Monday, August 21, 2006

If Literary Agents were like Real Estate Agents

My agent and I finished one pitcher of margaritas in the New York summer sun. This is the result of our sloshy silliness. At least, this is what I could decipher from the scribblings on our cocktail napkins.

  • If you called ten agents and said you had something you wanted them to sell, you'd get ten returned calls. Within the hour.
  • After reading a 95-page booklet and taking an exam, a person would be fully qualified to be a successful literary agent.
  • Writer's Digest would consist of 26 volumes--at 1,300 pages apiece.
  • New York editors would be inundated with approximately 9,890% more crap submissions than their current load of crap submissions.
  • Literary agents would don silly slogans, like Sell it quick?

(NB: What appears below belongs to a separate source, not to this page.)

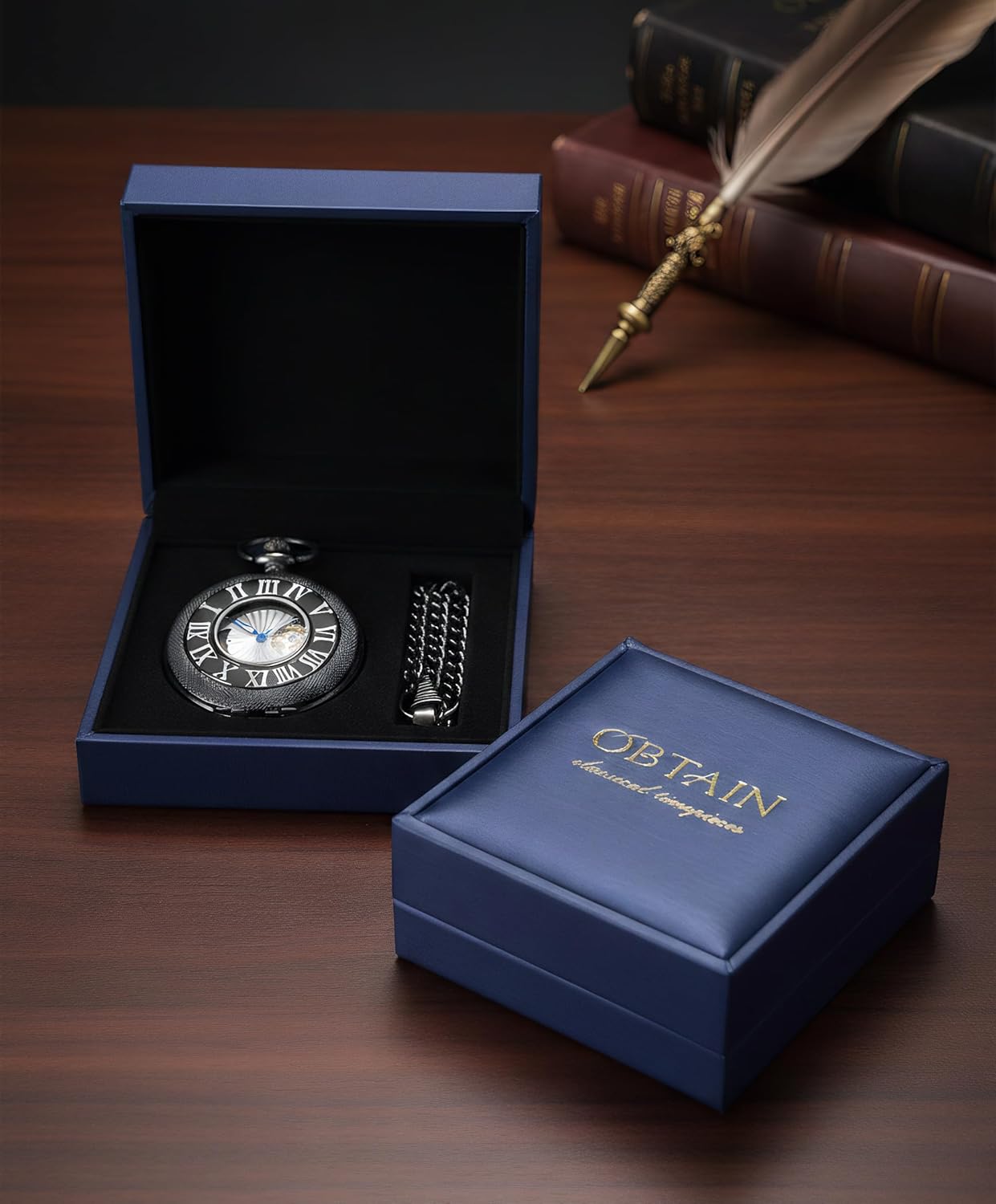 Classic Hand Wind Up Pocket Watches for Males, Mechanical Pocket Watch with Chain, Mens Skeleton Pocketwatch

Call McCormick! or You can bank on Bankoff or Nesbit knows Nonfiction or Call Denise "Six Figure" Shannon today! (We came up with 37 of these; I'll spare you the superfluity).
  • Instead of every book being "the best book I've read all year", agents would be significantly more honest, with most projects being touted as "needs updating" and "fixer-upper".
  • Annual conventions would invoke boring day seminars and excessive after hours drinking (no significant change).
  • Owners would feel the agent was not doing enough to sell the product (no significant change).
  • Financing would regularly be a problem on the part of the purchaser (no significant change).
  • The longer the product stays on the market, the less likely it is to sell (no significant change).
  • The top five percent of all agents would sell 95% of all product (no significant change.)
  • There would be an entire cable television network dedicated to the writing, editing, producing, and selling of books--including a reality-based show called Rising Editor and a weekly documentary called Flip This P&L.
  • One word: minivans.
  • Free glossy magazines would fill countless bins outside coffee shops and subway stations around the country with covers of books inside, many with the term sold overtop the cover--though more likely not.
  • Production time for a 300 page novel: 7.5 years.
  • Random House would have call centers to handle incoming traffic the size of Capital One.
  • Binky Urban's calls would somehow get returned within 45 seconds (no significant change).

Granted, these are probably funnier with the tequila. And a lot of extra salt.